== Exercise ==
Of all the lines below, output only those starting at the one with "Lindo departamento en" and ending at the one with "1:45 左右被一个叫大卫·达图纳(David Datuna)的行为艺术家摘下来吃了……", both ends included, exactly as written.

== Information provided ==

======

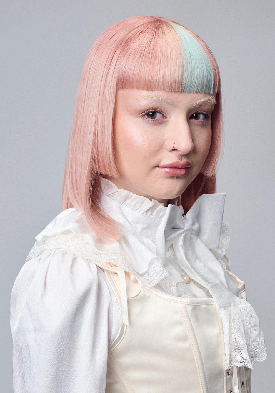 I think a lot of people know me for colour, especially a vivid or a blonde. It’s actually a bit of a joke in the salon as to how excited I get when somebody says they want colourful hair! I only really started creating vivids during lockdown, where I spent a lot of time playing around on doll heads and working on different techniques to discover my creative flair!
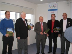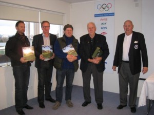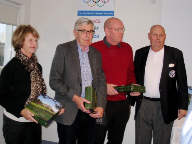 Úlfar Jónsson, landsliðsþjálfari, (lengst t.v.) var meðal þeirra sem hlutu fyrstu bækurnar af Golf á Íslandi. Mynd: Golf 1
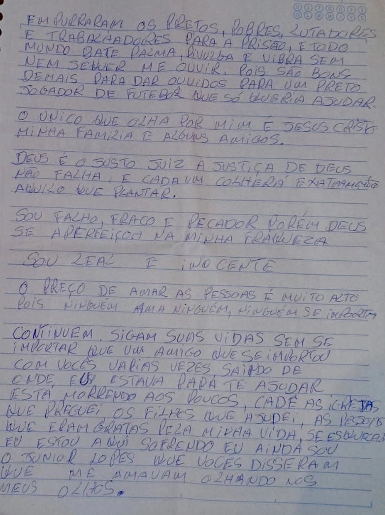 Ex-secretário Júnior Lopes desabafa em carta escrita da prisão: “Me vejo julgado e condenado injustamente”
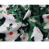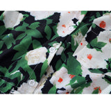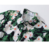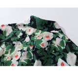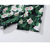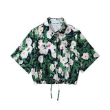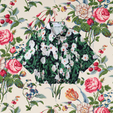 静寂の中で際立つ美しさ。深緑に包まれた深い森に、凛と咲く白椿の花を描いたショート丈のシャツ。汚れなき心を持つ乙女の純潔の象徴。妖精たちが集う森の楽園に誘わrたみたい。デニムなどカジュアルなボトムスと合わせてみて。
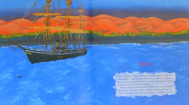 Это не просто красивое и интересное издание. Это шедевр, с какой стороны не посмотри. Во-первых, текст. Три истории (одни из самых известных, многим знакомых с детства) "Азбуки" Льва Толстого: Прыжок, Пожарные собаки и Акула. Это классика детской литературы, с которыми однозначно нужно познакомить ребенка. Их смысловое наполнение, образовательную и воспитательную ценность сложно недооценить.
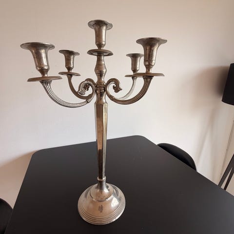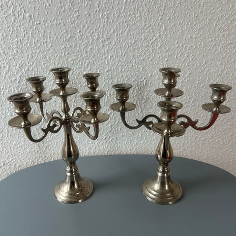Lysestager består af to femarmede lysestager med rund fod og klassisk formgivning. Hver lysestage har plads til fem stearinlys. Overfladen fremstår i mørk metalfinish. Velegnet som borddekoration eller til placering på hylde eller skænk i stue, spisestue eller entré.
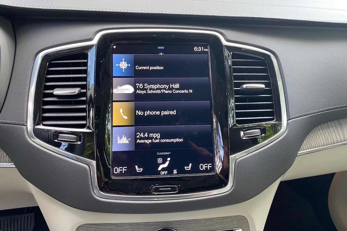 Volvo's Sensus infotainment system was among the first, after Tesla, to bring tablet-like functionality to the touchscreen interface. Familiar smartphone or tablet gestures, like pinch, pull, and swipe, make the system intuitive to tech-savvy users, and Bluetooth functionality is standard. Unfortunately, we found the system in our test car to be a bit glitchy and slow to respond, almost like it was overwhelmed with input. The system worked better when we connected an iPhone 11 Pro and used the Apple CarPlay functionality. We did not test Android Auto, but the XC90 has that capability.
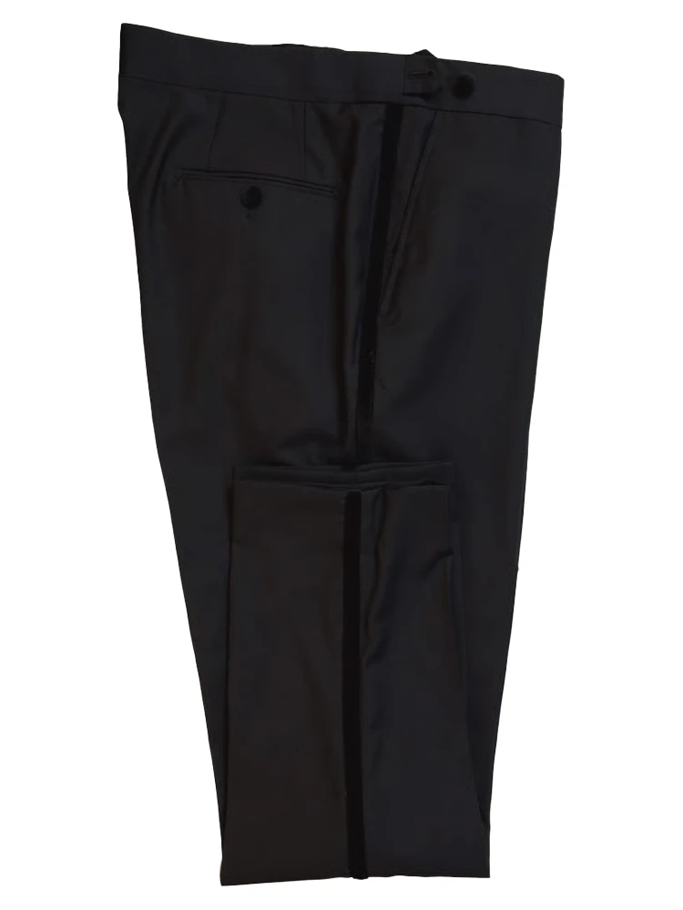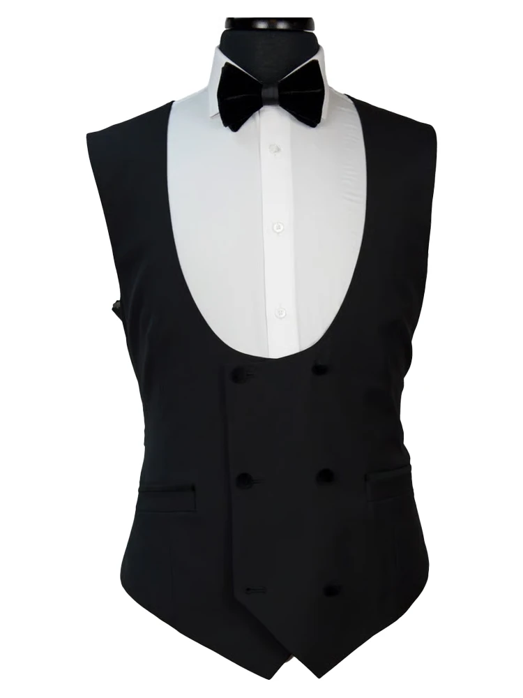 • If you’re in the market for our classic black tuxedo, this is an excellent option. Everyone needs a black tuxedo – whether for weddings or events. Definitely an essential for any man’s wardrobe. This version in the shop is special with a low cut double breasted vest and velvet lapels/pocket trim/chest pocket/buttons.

======

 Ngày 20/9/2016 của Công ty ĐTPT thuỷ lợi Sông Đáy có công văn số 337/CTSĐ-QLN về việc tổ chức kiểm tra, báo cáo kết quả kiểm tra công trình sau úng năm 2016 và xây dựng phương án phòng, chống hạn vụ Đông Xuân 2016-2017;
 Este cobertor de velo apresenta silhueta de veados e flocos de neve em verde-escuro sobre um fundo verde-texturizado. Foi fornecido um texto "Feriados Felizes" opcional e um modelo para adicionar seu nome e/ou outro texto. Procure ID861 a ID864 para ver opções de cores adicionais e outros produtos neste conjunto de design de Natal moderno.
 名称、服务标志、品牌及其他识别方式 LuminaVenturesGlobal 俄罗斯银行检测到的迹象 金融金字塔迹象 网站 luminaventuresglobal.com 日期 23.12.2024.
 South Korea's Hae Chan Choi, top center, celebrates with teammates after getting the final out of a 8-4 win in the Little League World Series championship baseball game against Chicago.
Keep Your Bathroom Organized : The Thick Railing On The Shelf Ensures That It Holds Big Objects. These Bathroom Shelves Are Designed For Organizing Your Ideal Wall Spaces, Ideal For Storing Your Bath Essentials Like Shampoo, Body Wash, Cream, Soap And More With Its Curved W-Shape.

======

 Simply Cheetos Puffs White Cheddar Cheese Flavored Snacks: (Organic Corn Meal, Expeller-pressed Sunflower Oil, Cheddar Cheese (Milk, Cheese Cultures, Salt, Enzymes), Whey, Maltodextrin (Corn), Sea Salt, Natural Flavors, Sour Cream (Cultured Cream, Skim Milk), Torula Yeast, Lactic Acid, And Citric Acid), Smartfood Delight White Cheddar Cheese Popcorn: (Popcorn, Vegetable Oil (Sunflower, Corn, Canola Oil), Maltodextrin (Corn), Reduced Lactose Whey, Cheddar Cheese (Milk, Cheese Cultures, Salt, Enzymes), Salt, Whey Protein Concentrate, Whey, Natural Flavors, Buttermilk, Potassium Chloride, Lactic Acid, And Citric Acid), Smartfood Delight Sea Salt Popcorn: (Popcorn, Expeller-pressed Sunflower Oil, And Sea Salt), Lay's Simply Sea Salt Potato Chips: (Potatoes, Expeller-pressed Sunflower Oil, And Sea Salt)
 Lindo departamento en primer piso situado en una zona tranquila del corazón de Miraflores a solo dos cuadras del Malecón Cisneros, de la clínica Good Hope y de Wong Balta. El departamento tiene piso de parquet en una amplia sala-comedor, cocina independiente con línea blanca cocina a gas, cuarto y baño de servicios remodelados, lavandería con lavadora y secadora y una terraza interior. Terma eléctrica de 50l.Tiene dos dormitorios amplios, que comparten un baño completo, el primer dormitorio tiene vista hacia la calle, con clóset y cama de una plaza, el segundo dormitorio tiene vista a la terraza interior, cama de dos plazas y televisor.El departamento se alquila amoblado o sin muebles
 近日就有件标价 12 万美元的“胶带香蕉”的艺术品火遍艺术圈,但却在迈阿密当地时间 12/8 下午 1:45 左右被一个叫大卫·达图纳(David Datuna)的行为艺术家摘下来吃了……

======

== Answer space ==
 Lindo departamento en primer piso situado en una zona tranquila del corazón de Miraflores a solo dos cuadras del Malecón Cisneros, de la clínica Good Hope y de Wong Balta. El departamento tiene piso de parquet en una amplia sala-comedor, cocina independiente con línea blanca cocina a gas, cuarto y baño de servicios remodelados, lavandería con lavadora y secadora y una terraza interior. Terma eléctrica de 50l.Tiene dos dormitorios amplios, que comparten un baño completo, el primer dormitorio tiene vista hacia la calle, con clóset y cama de una plaza, el segundo dormitorio tiene vista a la terraza interior, cama de dos plazas y televisor.El departamento se alquila amoblado o sin muebles
 近日就有件标价 12 万美元的“胶带香蕉”的艺术品火遍艺术圈,但却在迈阿密当地时间 12/8 下午 1:45 左右被一个叫大卫·达图纳(David Datuna)的行为艺术家摘下来吃了……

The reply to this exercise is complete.